# Differential Equations, Subsitution Methods

1. Sep 16, 2009

### foobag

1. The problem statement, all variables and given/known data

1. x(x+y)y' = y(x-y)

2.y' = (4x + y)^2

3. (x+y)y' = 1

2. Relevant equations

I have tried using the substitution method v =, the homogeneous method as well.

3. The attempt at a solution

For 1. i factored out the xy and got 1/xy y' = integral ( (1-y/x)/(1+(x/y)) but cant take it further to the final answer ln(xy) = (x/y) + C

For 2. i tried sub v = 4x+y, but didnt even come close to the answer

For 3. I tried homogenous equations making it (1+y/x)y' = 1/x, but i get stuck with 1/x^2 later on which i cant factor to make it a simple first order linear diff...

2. Sep 17, 2009

### Staff: Mentor

How did you factor out xy?

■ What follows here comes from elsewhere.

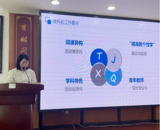 教务处董浩主任和教科处郑军倩主任对本学期教学教研工作做全部部署,详细讲解了教备组长职责及全体教师的备教批考辅等各环节要求。教务处李璇副主任宣读学校教务巡查制度,强调教务处将强化教学管理,真抓教学质量。

I don't see that xy is a factor, so I'm puzzled about how you were able to factor it out.
Well, I tried the same substitution in #2 and was able to get a separable differential equation. Show me what you tried so I can see where you went wrong.
Why not try a substitution u = x + y? If you do it correctly, you should get a separable differential equation.

3. Sep 17, 2009

### foobag

ok so i redid problems 2 & 3 and they worked for me...

as for problem 1...

I can factor down to y' = (y/x) ((1-y/x)/(1+y/x))

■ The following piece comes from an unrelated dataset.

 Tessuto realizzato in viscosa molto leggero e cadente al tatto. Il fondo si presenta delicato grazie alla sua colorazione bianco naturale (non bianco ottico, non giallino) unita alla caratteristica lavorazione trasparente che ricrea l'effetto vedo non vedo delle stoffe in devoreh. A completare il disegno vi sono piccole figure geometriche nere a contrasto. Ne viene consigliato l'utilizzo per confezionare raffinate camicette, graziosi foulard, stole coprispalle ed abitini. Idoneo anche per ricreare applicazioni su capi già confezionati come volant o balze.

but then i get the left side after using v = y/x to be (1/2)(1/v - lnv) = lnx + c but then i cant reduce it down to the answer in the back that is: ln(xy) = C + x/y....

I did: y' = y(x-y)/x(x+y)

then: y'/y = (x-y)/(x(x+y))

then: factor out x from top of right side... y'/y = x(1-y/x)/(x(x+y)), so x's cancel

i get: y'/y = (1-y/x)/(x+y) ok so then factor out x from bottom: y'/y = (1-y/x)/(x(1+y/x), then multiply y back....

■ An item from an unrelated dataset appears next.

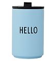 The Design Letters thermo cup has a lid, and at the top you can open up to a little drinking hole with a knob that has to be turned. The thermo cup closes completely tightly, and it can contain liquid up to 90 degrees.

so: y' = (y/x)((1-y/x)/(1+y/x) let me know if i made a mistake here

4. Sep 18, 2009

### Staff: Mentor

So far, so good.
Now multiply both sides by 2 to get
1/v - ln v = 2lnx + 2c = ln x2 + 2c
so 1/v = ln v + ln x2 + 2c = ln[v x2] + 2c
so x/y = ln(y/x * x2) + 2c = ln(xy) + C (where C = 2c)
That's essentially what your book shows for the answer. The answer also seems to assume that x > 0 and y > 0, otherwise you would have some absolute values after integrating and getting the ln terms.